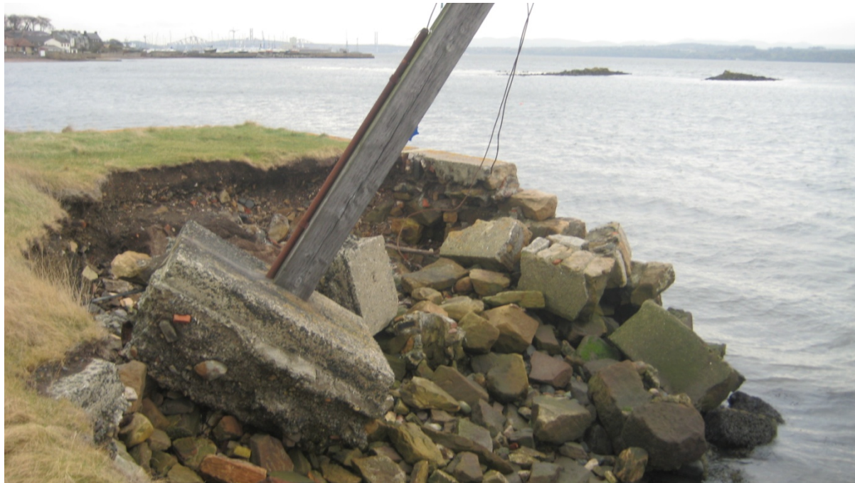
Parthenon it ain't
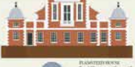
PLANTERS HOUSE Royal Observatory, Greenwich
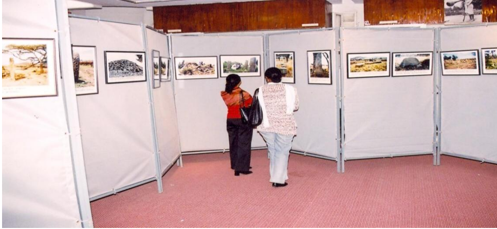
Fig.4.2 Temporary exhibition organized in the ethnographic section of the permanent exhibition (ARCCH audio visual section, 2010)

→ Directions for this task: Exclude the pictures. Write out the remaining data exactly.

→ Solution below:
Parthenon it ain't
PLANTERS HOUSE Royal Observatory, Greenwich
Fig.4.2 Temporary exhibition organized in the ethnographic section of the permanent exhibition (ARCCH audio visual section, 2010)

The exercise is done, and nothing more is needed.